=== SUPPLIED ENTRIES ===

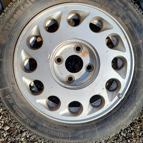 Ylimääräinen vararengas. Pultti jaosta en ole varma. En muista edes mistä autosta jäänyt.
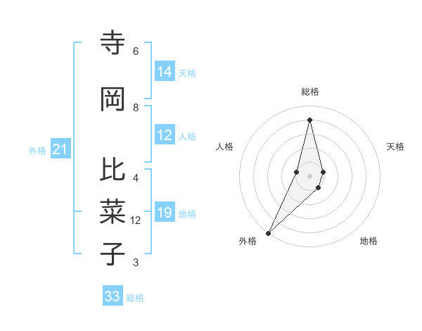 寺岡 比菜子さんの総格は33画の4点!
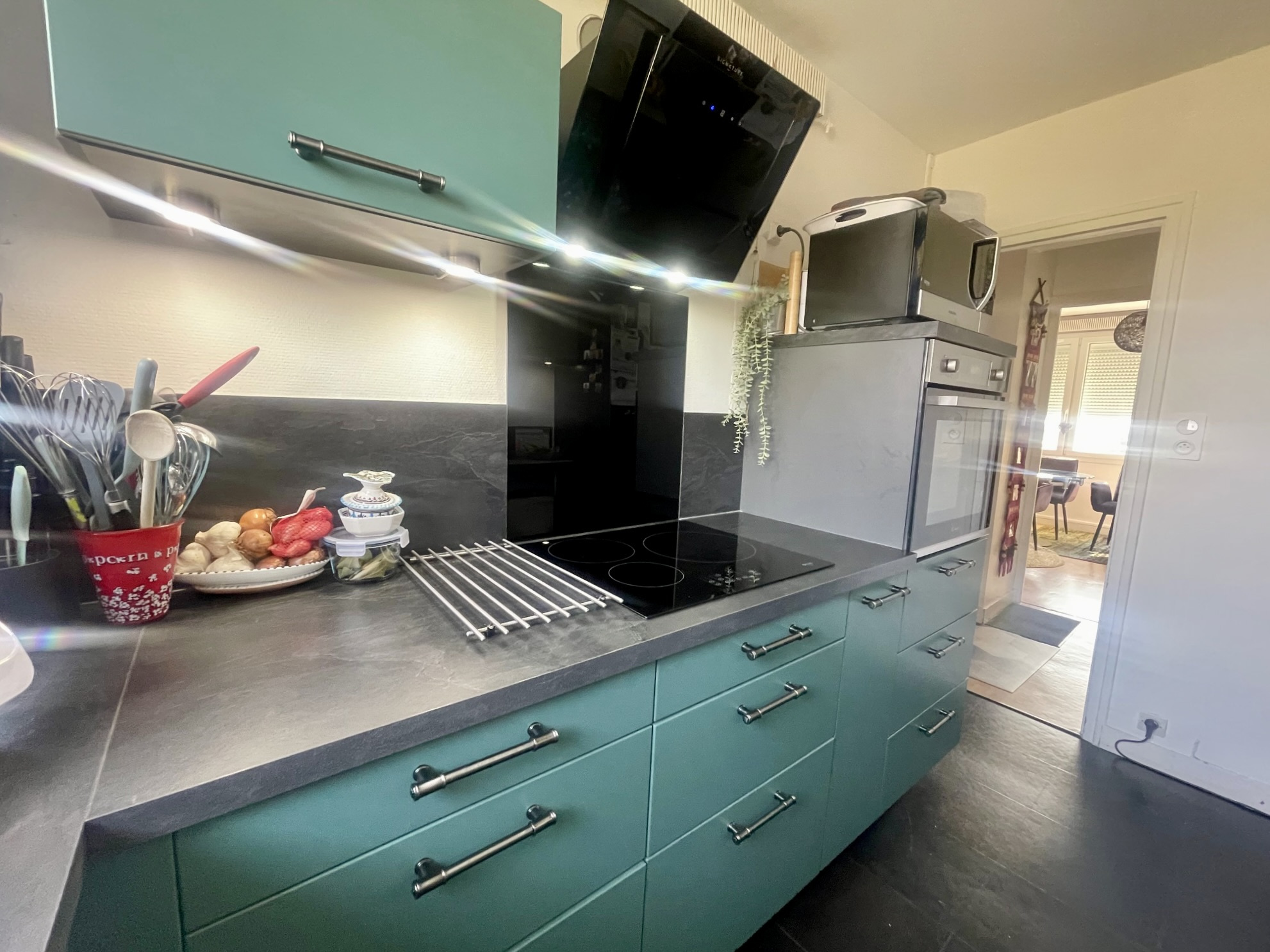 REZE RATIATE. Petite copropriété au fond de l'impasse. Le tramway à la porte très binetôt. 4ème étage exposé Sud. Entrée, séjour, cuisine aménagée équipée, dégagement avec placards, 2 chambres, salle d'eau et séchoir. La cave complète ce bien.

---

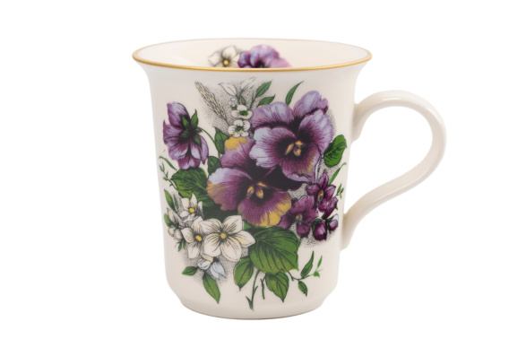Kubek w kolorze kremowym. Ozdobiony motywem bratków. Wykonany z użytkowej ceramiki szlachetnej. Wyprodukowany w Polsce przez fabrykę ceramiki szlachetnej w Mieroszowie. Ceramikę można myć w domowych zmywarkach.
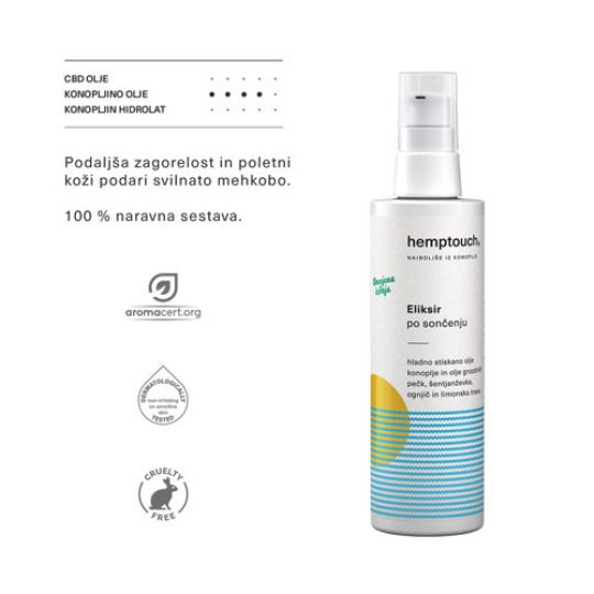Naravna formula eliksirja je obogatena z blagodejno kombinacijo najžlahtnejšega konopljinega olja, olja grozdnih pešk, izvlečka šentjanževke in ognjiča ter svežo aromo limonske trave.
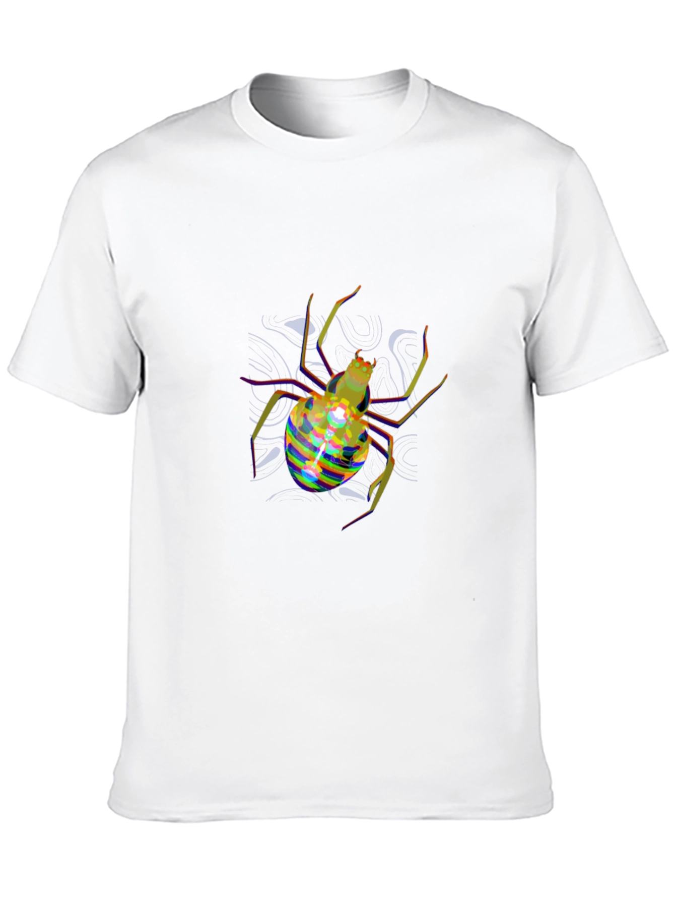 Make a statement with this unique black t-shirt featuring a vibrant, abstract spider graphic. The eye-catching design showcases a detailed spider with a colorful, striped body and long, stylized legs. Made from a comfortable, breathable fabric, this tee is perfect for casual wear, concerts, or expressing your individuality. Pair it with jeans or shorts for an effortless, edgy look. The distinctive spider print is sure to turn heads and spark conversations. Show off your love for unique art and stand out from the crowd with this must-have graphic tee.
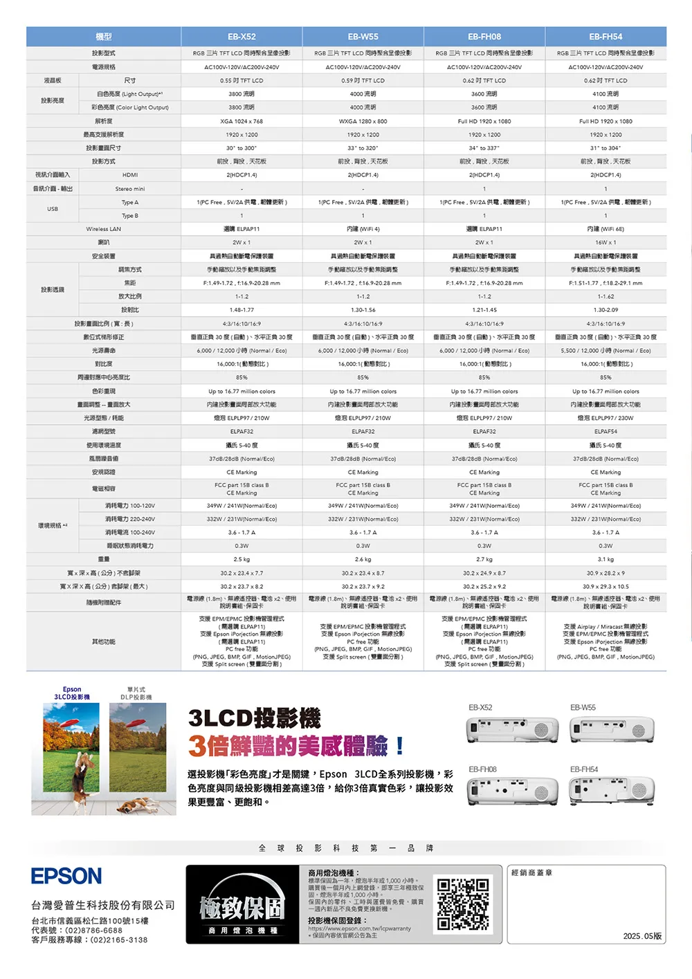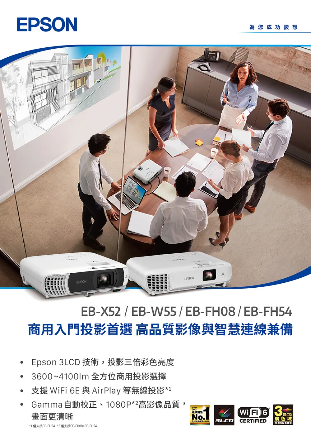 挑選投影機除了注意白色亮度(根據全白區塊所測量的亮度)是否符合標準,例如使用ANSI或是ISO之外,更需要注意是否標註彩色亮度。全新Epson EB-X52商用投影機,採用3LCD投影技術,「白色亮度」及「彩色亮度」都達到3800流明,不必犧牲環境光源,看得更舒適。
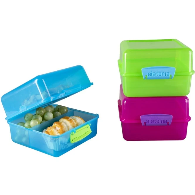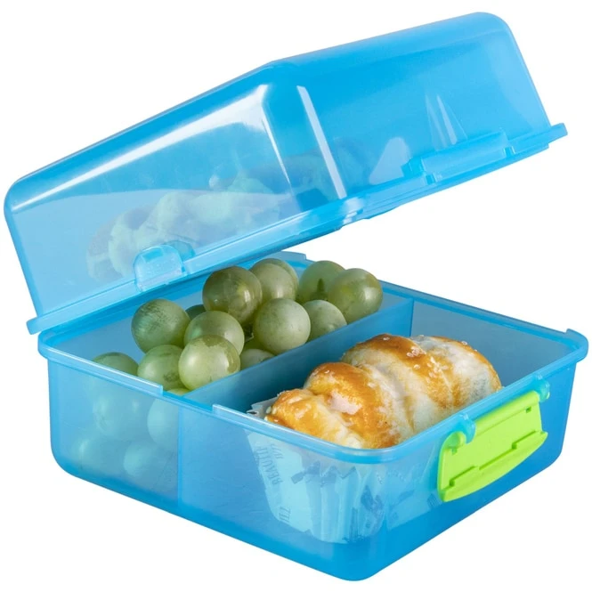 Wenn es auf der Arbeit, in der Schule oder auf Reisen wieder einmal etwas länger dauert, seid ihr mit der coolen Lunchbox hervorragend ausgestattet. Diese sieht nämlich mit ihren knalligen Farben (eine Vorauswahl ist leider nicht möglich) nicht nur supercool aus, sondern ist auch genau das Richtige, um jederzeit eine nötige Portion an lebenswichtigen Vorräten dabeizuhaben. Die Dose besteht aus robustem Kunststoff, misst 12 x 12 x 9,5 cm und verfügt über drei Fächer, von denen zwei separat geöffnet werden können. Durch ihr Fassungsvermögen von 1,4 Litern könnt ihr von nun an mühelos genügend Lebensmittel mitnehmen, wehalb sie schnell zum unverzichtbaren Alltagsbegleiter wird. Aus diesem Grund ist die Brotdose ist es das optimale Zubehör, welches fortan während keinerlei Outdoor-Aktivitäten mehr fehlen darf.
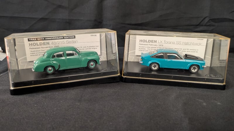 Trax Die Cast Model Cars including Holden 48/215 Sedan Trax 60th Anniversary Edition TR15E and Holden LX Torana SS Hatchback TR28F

==

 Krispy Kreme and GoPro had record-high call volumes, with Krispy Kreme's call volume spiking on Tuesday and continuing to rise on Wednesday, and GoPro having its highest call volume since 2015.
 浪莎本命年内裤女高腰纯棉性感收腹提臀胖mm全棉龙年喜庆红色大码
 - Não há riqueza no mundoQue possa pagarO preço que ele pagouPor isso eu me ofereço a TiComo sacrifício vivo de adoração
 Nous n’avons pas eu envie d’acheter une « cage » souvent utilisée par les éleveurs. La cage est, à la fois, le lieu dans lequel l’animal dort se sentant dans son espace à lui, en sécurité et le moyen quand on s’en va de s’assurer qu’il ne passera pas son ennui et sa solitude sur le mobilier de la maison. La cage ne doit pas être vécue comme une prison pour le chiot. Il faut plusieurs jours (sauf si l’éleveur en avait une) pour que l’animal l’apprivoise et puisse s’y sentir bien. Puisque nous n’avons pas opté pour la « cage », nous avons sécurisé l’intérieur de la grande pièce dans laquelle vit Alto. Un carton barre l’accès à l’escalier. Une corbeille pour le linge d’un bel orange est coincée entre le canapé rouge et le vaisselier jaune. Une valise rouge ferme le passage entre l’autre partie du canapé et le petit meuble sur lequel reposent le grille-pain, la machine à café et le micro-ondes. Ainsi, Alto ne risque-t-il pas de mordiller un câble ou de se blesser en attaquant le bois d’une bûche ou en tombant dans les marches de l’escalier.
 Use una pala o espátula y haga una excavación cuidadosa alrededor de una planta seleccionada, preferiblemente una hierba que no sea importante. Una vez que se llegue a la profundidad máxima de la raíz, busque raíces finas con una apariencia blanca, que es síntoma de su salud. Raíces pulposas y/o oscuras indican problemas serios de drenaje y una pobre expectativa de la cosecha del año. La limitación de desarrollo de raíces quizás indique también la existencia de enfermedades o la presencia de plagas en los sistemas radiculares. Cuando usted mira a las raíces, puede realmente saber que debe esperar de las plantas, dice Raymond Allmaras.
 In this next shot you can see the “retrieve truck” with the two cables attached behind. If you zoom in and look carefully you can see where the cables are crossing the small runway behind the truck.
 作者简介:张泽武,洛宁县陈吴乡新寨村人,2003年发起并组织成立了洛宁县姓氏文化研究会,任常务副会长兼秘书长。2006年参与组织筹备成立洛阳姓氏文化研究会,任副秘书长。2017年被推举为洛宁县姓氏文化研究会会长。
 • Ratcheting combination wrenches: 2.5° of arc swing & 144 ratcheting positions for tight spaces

=== INSTRUCTIONS FOR THE TASK ===
Among the entries above, the line containing "Krispy Kreme and", the line containing "- Não há riqueza", and all lines between them are to be restated word for word; nothing else belongs in the reply.

=== YOUR SOLUTION ===
 Krispy Kreme and GoPro had record-high call volumes, with Krispy Kreme's call volume spiking on Tuesday and continuing to rise on Wednesday, and GoPro having its highest call volume since 2015.
 浪莎本命年内裤女高腰纯棉性感收腹提臀胖mm全棉龙年喜庆红色大码
 - Não há riqueza no mundoQue possa pagarO preço que ele pagouPor isso eu me ofereço a TiComo sacrifício vivo de adoração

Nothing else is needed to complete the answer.